Our job at Occupational Hazards is to offer you ways to cope with and even benefit from those changes. That's why we're especially pleased to be sharing our three-part series this month entitled "Breakthrough Safety Management." We're betting you'll come away from your reading investment with at least one good idea (and maybe a whole fistful). In the series opener, Managing Editor Sandy Smith delves into the ongoing debate about what constitutes "world-class safety" and offers several menus for the elements that go into such a daunting appellation.

Next, safety leader Larry Hansen challenges you to pursue safety excellence right now in "The Covenants of the ROSE," his entertaining and enlightening look at the principles needed by an organization to establish operational safety success.

"Excellence requires two critical elements: knowledge and hard work. In safety, most organizations resist developing the first and are unwilling to expend effort on the second. In business (and safety), there is no such thing as a quick fix. However, when strategy is sound, leadership is strong, resources are adequate and efforts are meaningful… there is great potential for rapid returns," Hansen writes.

To help you achieve those "rapid returns," Hansen and two of his colleagues, Hank Sarkis and Dan Zahlis, are joining with Occupational Hazards to present a Web seminar on July 20 at 12 noon EDT. The seminar, "Re-defining Operational Safety Excellence," will explore how high-performing organizations manage safety not only better, but differently. If that's knowledge your organization would find valuable, get your safety staff, safety committee or facility managers together and join us for this lunchtime learning experience (remember, the pizza is on you). For registration details, go to www.occupationalhazards.com/webcast.

Contributing Editor William Kincaid wraps up our series with his insights on how lean manufacturing techniques can benefit the safety program and ways in which safety managers can use these advanced processes to their advantage.

For many safety topics, of course, the old adage applies that "you could write a book about it." That's just what Darryl Hill, CSP and 37 colleagues did in creating Construction Safety Management and Engineering, published by the American Society of Safety Engineers. The landmark 717-page book consists of five sections covering preconstruction tasks, key components of the safety process, emerging issues in construction safety management, legal aspects and technical construction issues.

While construction continues to have the highest number of fatal injuries (1,121 in 2002) of any major industry, Hill cites three trends that are leading to significantly safer construction projects.
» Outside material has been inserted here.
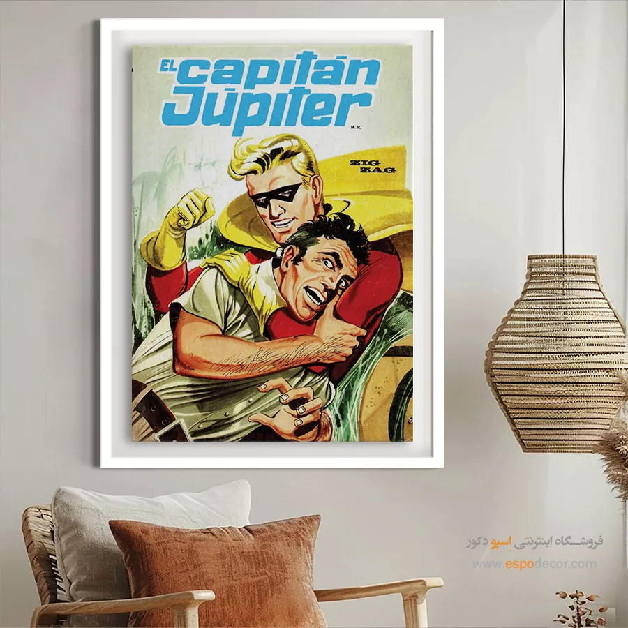 یک قاب از دنیای خیال؛ تابلو بوم مجله کمیک، تلفیقی از رنگ، روایت و شخصیت. جلد مجله هایی که بر دیوار جان میگیرند؛ مناسب برای آنان که با قهرمانان، بزرگ شدهاند.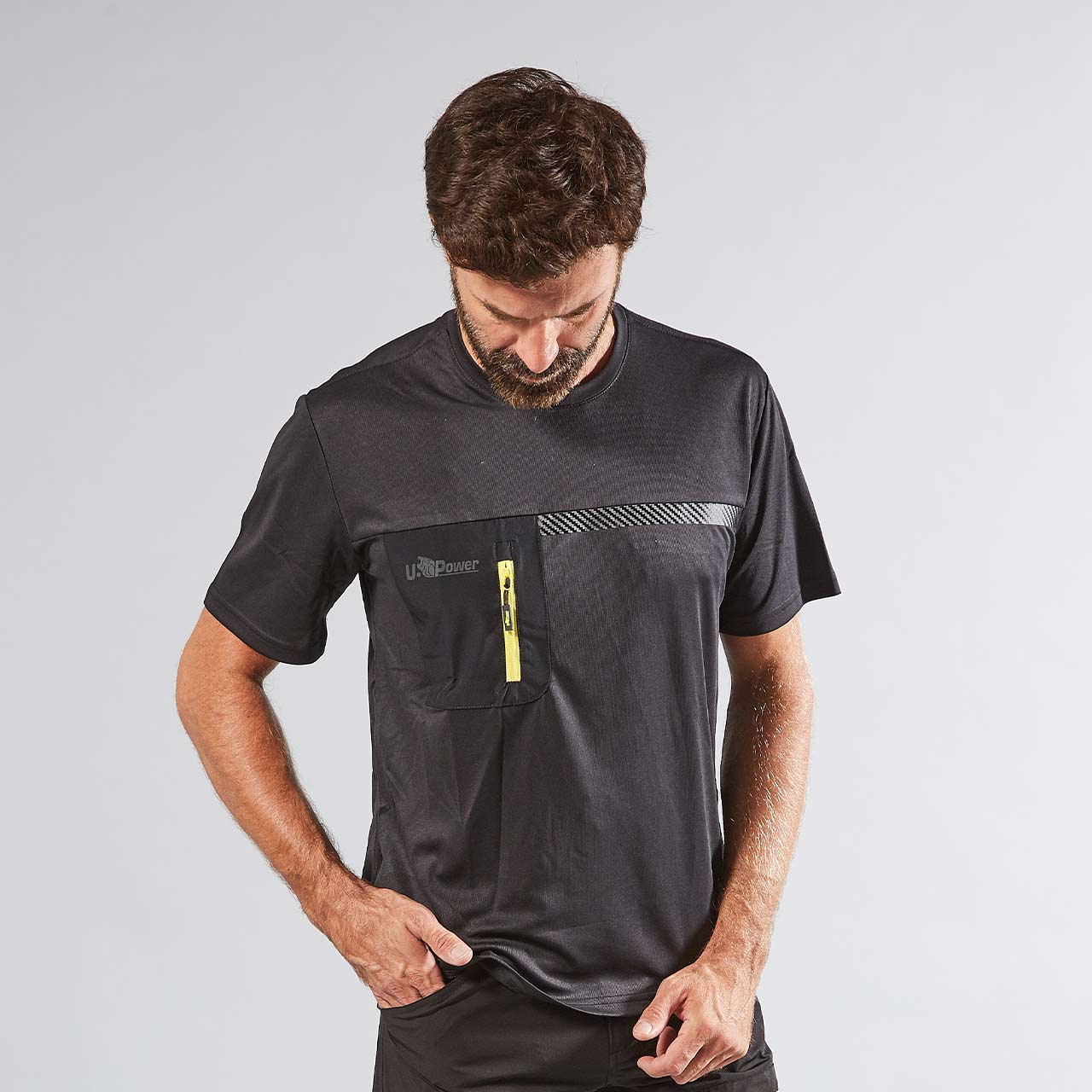 T-Shirt estiva con banda reflex sul lato sinistro del petto e stampa logo reflective “U-Power” sul lato destro per i colori Lime Stone e il Burnt Olive, mentre nella versione Black Carbon il logo è in transfer reflective nero e la banda è testurizzata in carbonio.

The first is safety through design, in which hazards are minimized or eliminated by designing and engineering safety features, such as anchorage points for fall protection, into a project ahead of time.

The second is pre-job task planning, in which contractors, subcontractors or owners examine the work to be completed, the hazards that work may entail and effective safety measures.

The third trend Hill identified is owners requiring that safety program costs be explicitly included in job bids by contractors. While far from universal, said Hill, more owners are recognizing that they have legal and financial liability stemming from construction work and that it is in their interest to promote safety on their jobs. By requiring the inclusion of safety, said Hill, owners level the playing field for all contractors, particularly those with superior safety programs.

Though more owners and contractors who are proactive about safety are welcome, said Hill, some of his colleagues are concerned that tight economic times could lead to fewer full-time safety professionals at construction sites. "A lot of individuals may not be construction safety professionals by experience or education, but have been given safety responsibilities as a collateral duty," Hill explained. "I'm not saying they are not competent, but they may not have the in-depth knowledge or skills as the [career professionals]."

That may be one reason why Hill urges his colleagues not to lose sight of the business side of safety. He says safety pros must help ensure that safety recommendations are not only effective but cost-efficient. "It's not that everything must be driven by cost, but we just need to make sure what we do is financially prudent."